Southsiders
Atmosphere
Les années passent et le capital sympathie d'Atmosphere ne s'érode pas. Fort d'une étiquette alternativo-undergroundo-consciente, le groupe de Minneapolis continue à distiller avec régularité des galettes de noble facture vaillamment défendues à coup de tournées internationales et d'événements ultra-locaux autour du shop de leur label Ryhmesayers. Une excellente gestion de carrière qui a permis aux deux comparses de s'installer durablement dans l'indépendance. Mais après autant de temps passé dans la matrice, a-t-on encore quelque chose à dire ?
On a connu Slug punk, alcoolique, père de famille... Et maintenant quoi ? Trois ans ont passé entre The Family Sign et Southsiders. Les deux amis ont pris de la bouteille... et Slug ne l'a jamais quittée. Aujourd'hui encore, il est capable de quelques « punchlines » bien senties à ce propos (« With all due respect to my liver, We tryna get as high as the little dipper ») mais à 40 ans passés, le rappeur semble dépassé par les événement. Le propos perd en unité, en pertinence. Entre la façon dont il raconte la conception de son second fils (le bonus « Idiot »), ses déclarations d'amour à sa femme et ses questionnements métaphysiques de comptoir, on se sent parfois aussi gêné que devant le mur Facebook de tonton.
La « limace » avait habitué les fans à des couplets léchés à multiples niveaux de lecture. L'entendre aujourd'hui passer dans sa « moulinette à chansonnette » quelques refrains aussi pauvres que celui de « The world may not live through the night » arracherait presque une larme (et pas d'émotion) : « Sing a song we will recite/Worked so long to build your life/But it could feel so wrong to feel alright/When the world might not live through the night ». Il serait injuste de juger l'ensemble du disque à quelques mauvaises lignes mais l'impression générale est fortement affectée.
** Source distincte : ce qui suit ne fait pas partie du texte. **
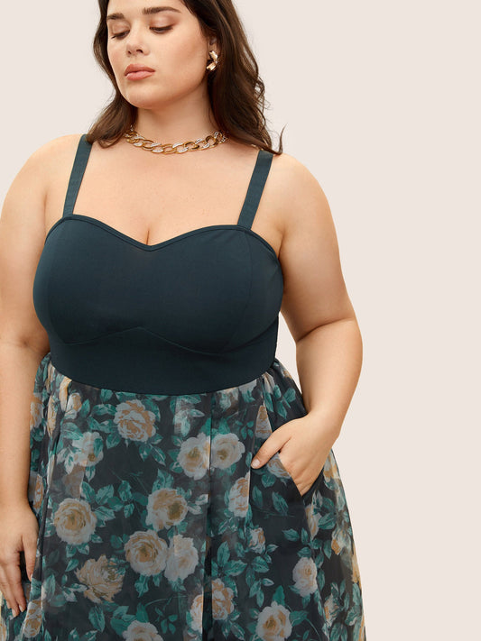 Floral Mesh Ruched Adjustable Straps Dress

Si l'on retrouve sur Southsiders des pistes bien plus denses telles que « January on Lake Street », Slug l'admet sans détour dans son hommage à son ami Eyedea (décédé d'overdose en 2010) sur « Flicker » : « I’m certain if you were here right now, you’d ridicule these lyrics, you’d hate this chorus. You’d probably tell me that the concept is too straight forward. » - pour rappel, il y a six ans, le rappeur filait 3 min 34 de métaphore autour de son père disparu sur le vibrant « Yesterday ».
Bien sûr, l'effort est une nouvelle fois extrêmement bien produit – et peut-être même mieux que les précédents albums. Ant a pris ses aises et l'ajout de musiciens en studio ne fait que renforcer son parti-pris mélodique mais, malheureusement, ça ne fait de Southsiders qu'un album quelconque dans la discographie bien fournie d'Atmosphere.